All lines below starting at the one that holds "Vyrobeno z kovu" and ending at the one that holds "[白庙的游玩方式]:清迈有很" should be printed exactly, ends included. Pictures should not be printed, nor anything else.

• _Raw data_:

◇ ◇ ◇ ◇

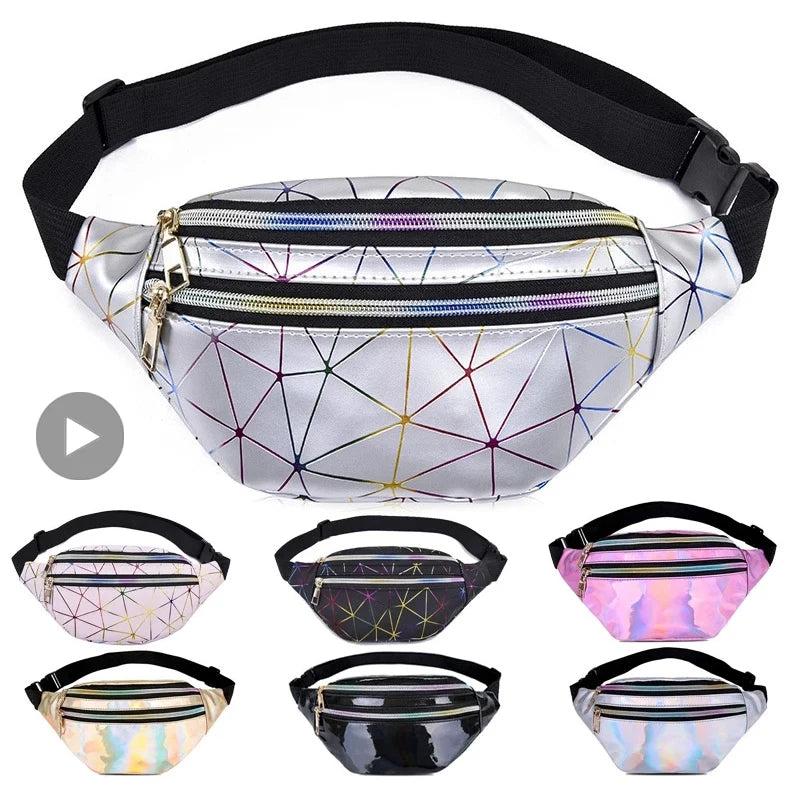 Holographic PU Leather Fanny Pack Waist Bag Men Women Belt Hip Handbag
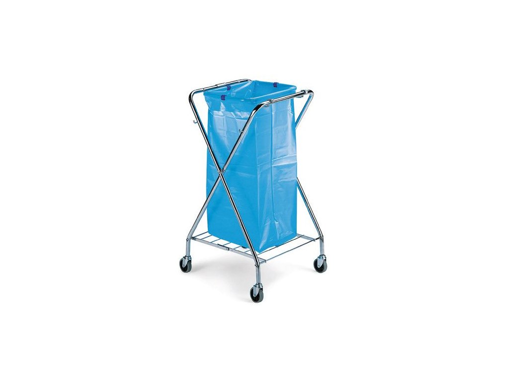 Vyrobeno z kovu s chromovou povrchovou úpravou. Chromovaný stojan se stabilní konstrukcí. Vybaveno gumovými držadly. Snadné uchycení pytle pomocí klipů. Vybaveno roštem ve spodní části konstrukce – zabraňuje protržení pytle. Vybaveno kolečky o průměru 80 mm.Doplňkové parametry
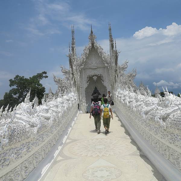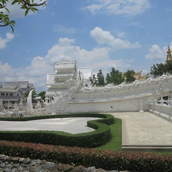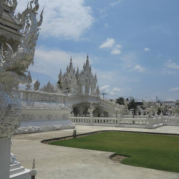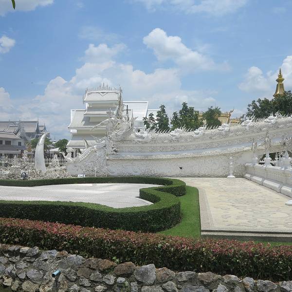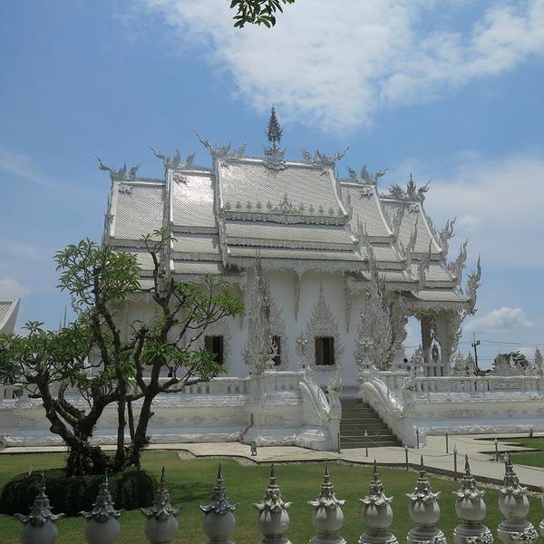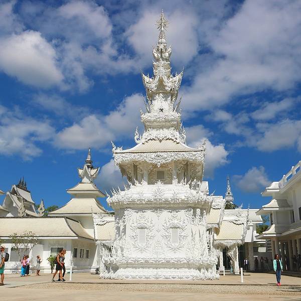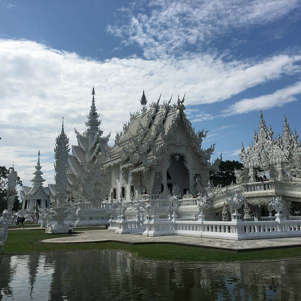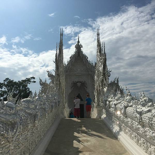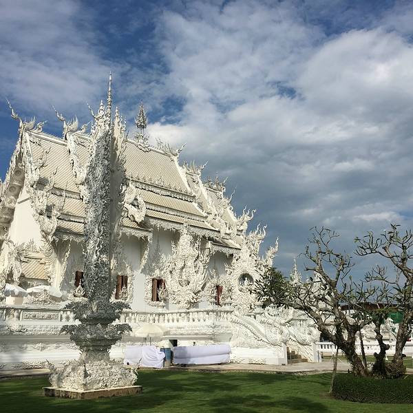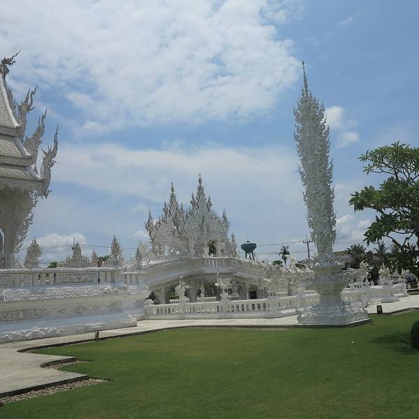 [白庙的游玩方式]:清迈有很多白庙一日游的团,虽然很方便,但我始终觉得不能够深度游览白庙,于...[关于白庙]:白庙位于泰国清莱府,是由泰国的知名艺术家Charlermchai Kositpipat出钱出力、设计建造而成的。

◇ ◇ ◇ ◇

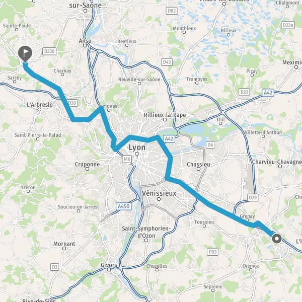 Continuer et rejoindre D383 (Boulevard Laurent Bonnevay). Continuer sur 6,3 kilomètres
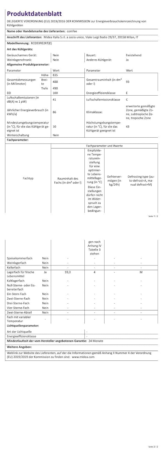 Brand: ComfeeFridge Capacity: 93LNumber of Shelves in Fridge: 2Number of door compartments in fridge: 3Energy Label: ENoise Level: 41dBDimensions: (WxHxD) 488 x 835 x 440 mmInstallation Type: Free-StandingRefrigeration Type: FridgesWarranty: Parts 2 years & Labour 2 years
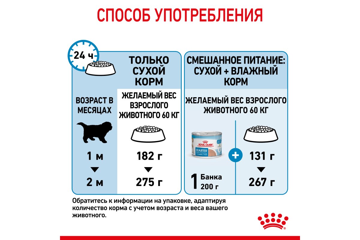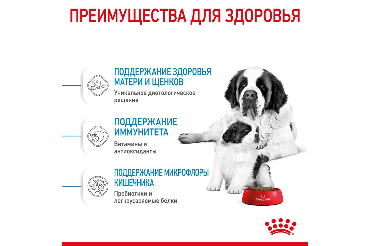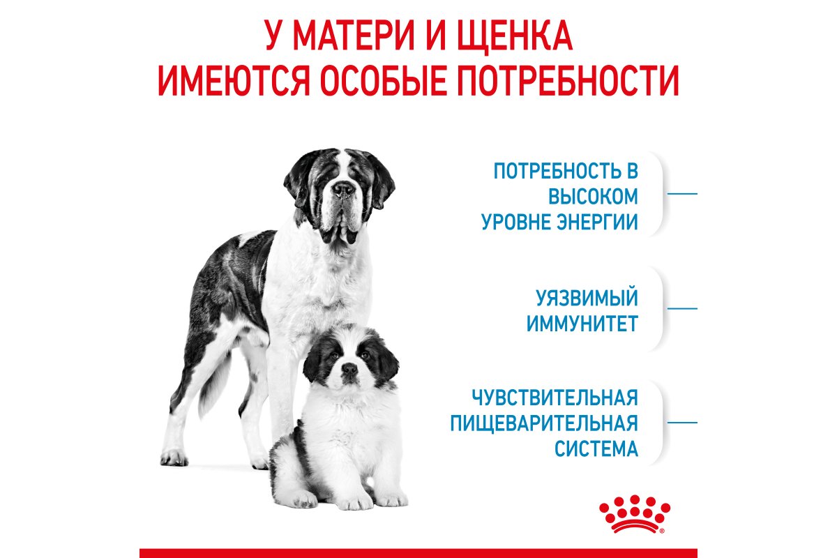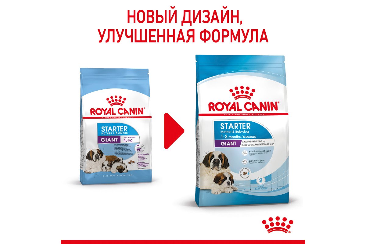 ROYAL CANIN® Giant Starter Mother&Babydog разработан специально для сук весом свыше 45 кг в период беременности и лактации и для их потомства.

◇ ◇ ◇ ◇

• _Result of this exercise_:
 Vyrobeno z kovu s chromovou povrchovou úpravou. Chromovaný stojan se stabilní konstrukcí. Vybaveno gumovými držadly. Snadné uchycení pytle pomocí klipů. Vybaveno roštem ve spodní části konstrukce – zabraňuje protržení pytle. Vybaveno kolečky o průměru 80 mm.Doplňkové parametry
 [白庙的游玩方式]:清迈有很多白庙一日游的团,虽然很方便,但我始终觉得不能够深度游览白庙,于...[关于白庙]:白庙位于泰国清莱府,是由泰国的知名艺术家Charlermchai Kositpipat出钱出力、设计建造而成的。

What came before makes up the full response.